## DATA PROVIDED

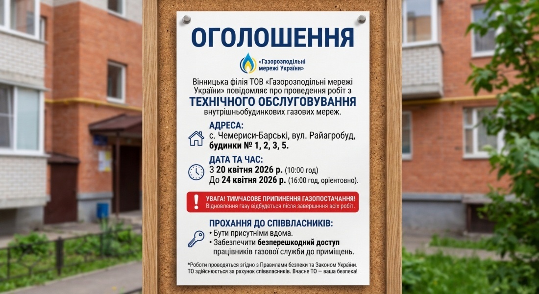 Вінницька філія ТОВ «Газорозподільні мережі України» повідомляє про технічне обслуговування внутрішньобудинкових газових мереж у будинках №1, 2, 3, 5 по вулиці Райагробуд у селі Чемериси-Барські.
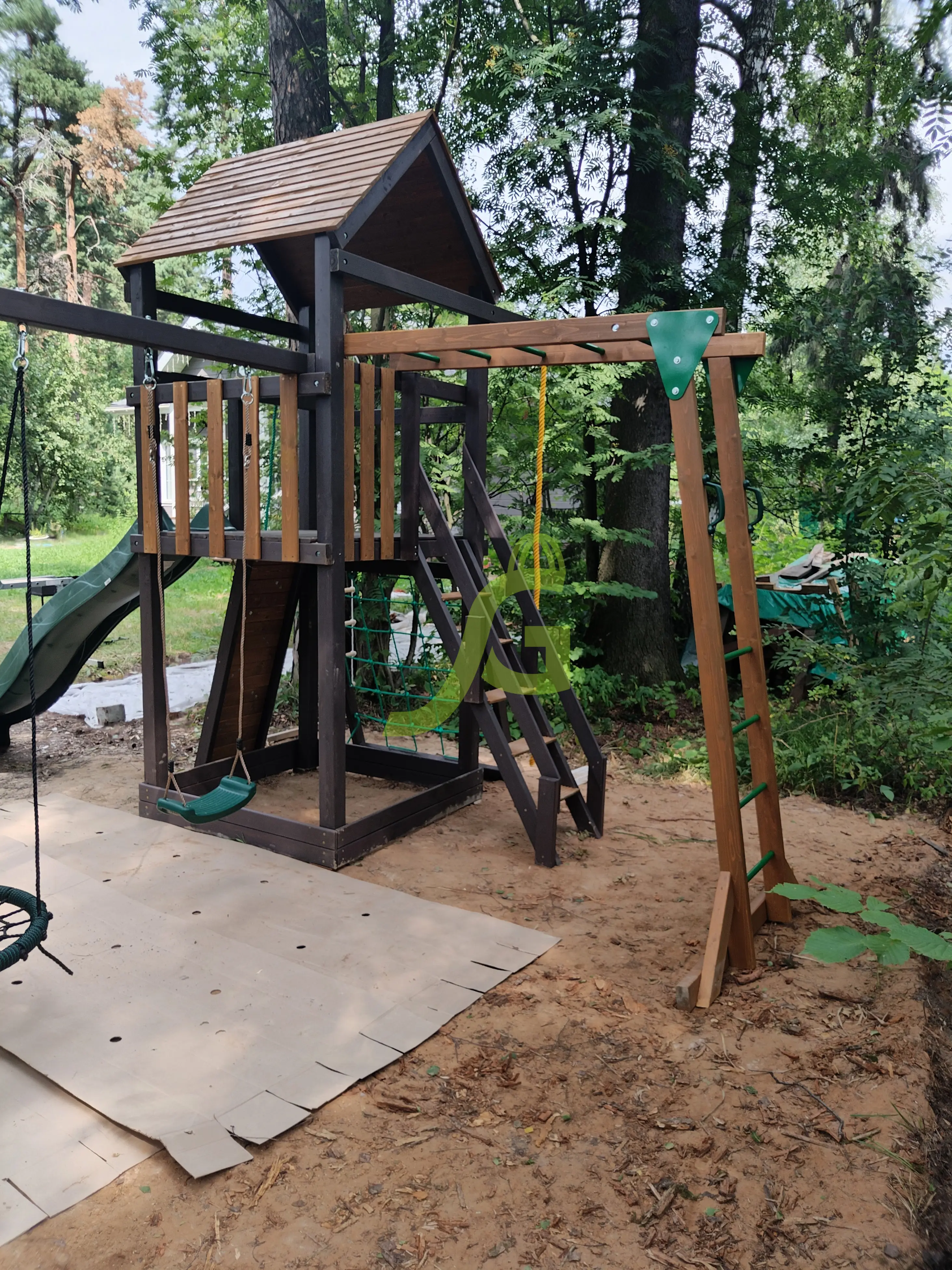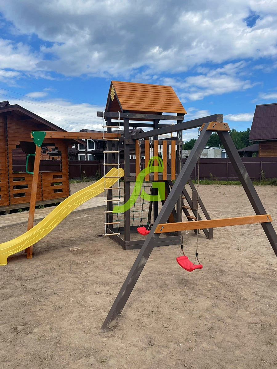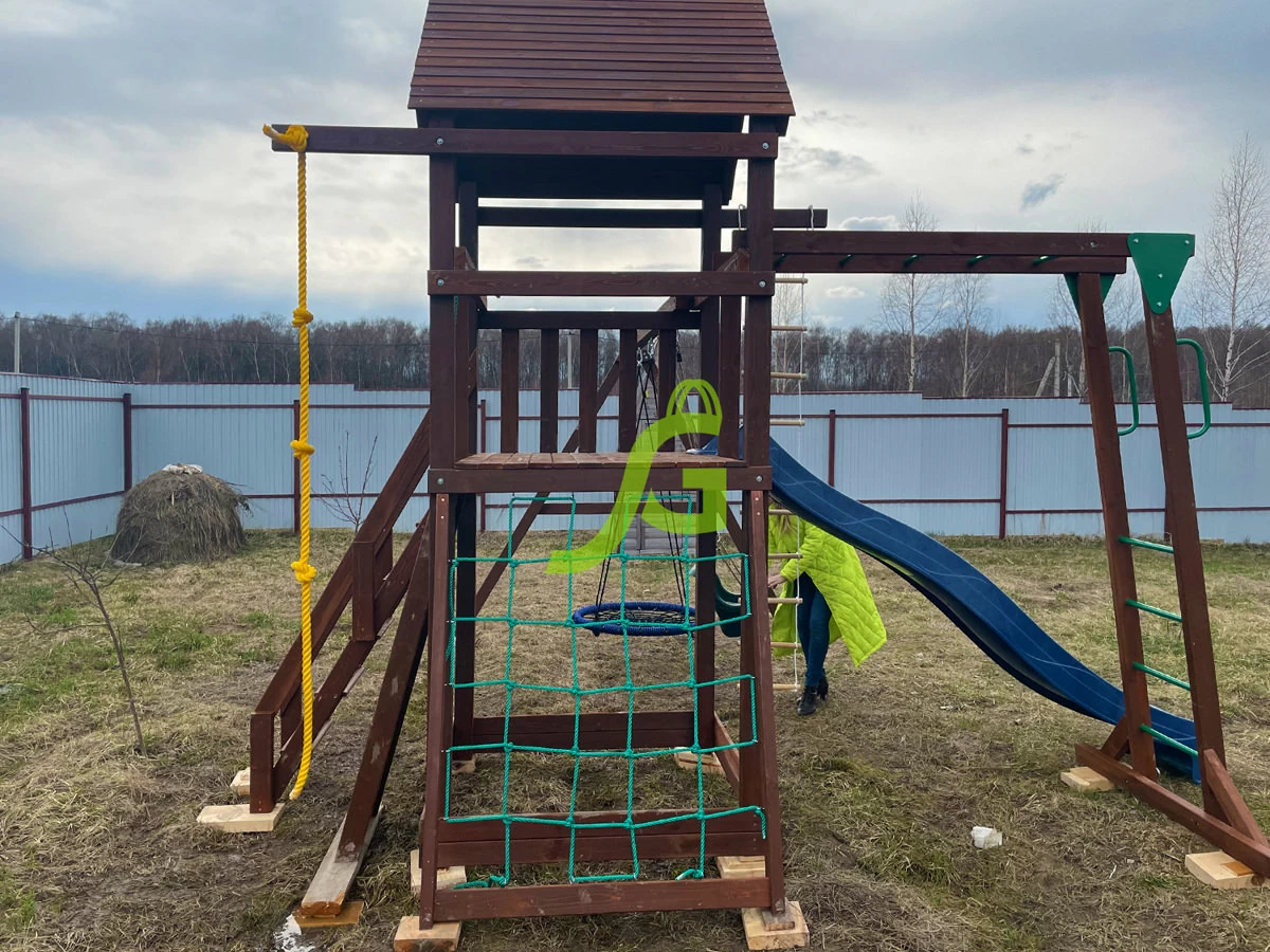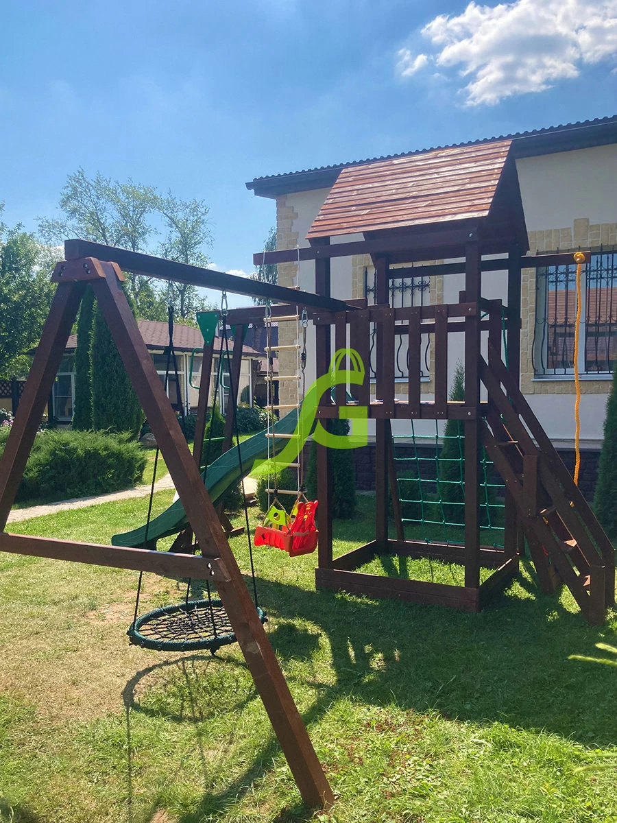 Игровой комплекс изготовлен из дерева и отвечает всем стандартам качества. Вы можете разместить площадку на своём приусадебном участке или даче. Конструкция не займёт много места и гармонично впишется в ландшафт сада.
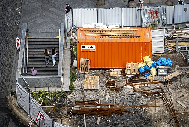 Horní část Václavského náměstí je už rok kompletně rozkopaná. (23. června 2025)
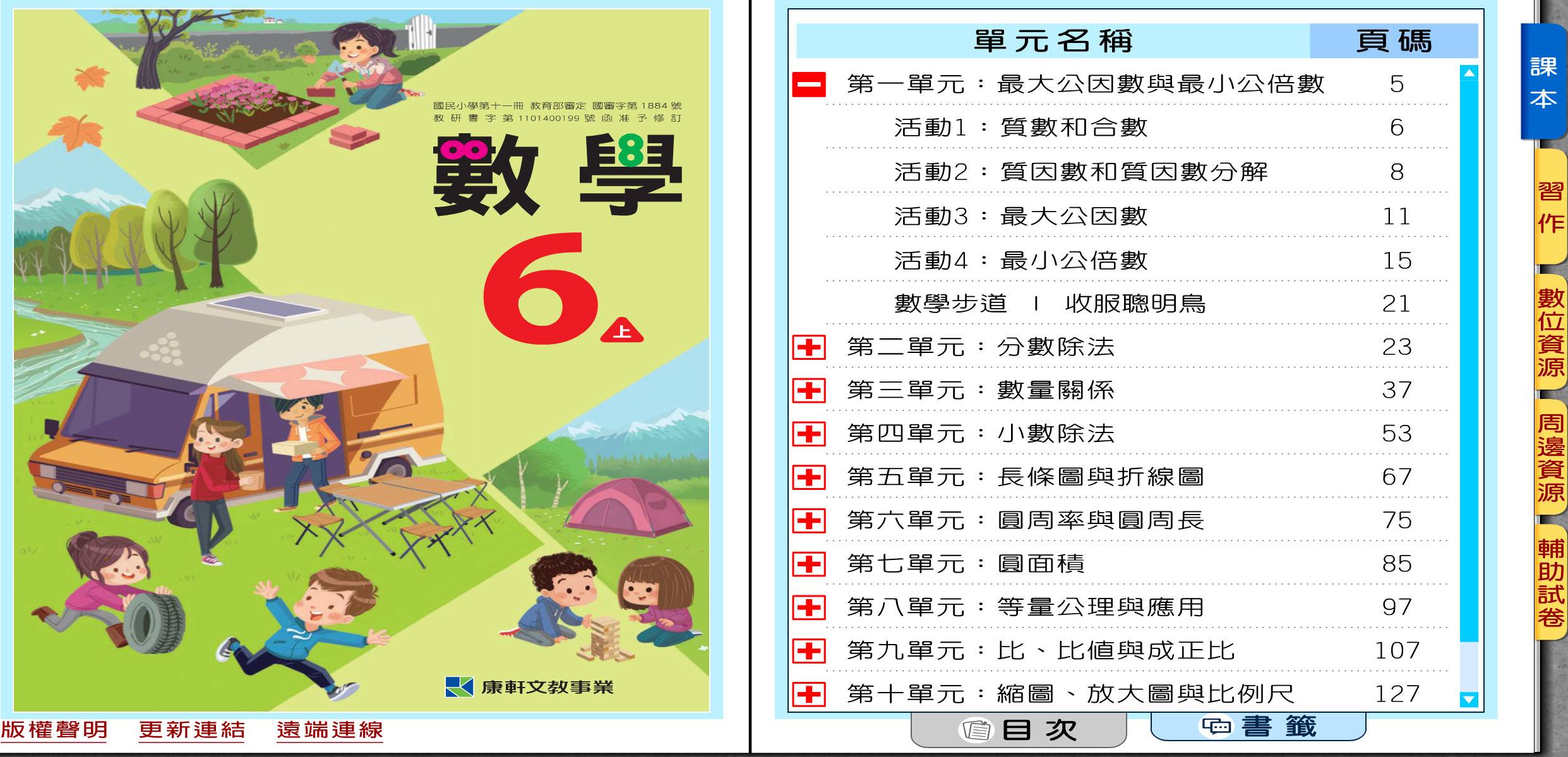 112學年上學期 國小 康軒版 數學電子書 6年級(含課本、習作含解答、教學資源)教學光碟

## EXERCISE OBJECTIVE
Apart from the images, print all the material above exactly as given.

## SOLUTION TO THE EXERCISE
 Вінницька філія ТОВ «Газорозподільні мережі України» повідомляє про технічне обслуговування внутрішньобудинкових газових мереж у будинках №1, 2, 3, 5 по вулиці Райагробуд у селі Чемериси-Барські.
 Игровой комплекс изготовлен из дерева и отвечает всем стандартам качества. Вы можете разместить площадку на своём приусадебном участке или даче. Конструкция не займёт много места и гармонично впишется в ландшафт сада.
 Horní část Václavského náměstí je už rok kompletně rozkopaná. (23. června 2025)
 112學年上學期 國小 康軒版 數學電子書 6年級(含課本、習作含解答、教學資源)教學光碟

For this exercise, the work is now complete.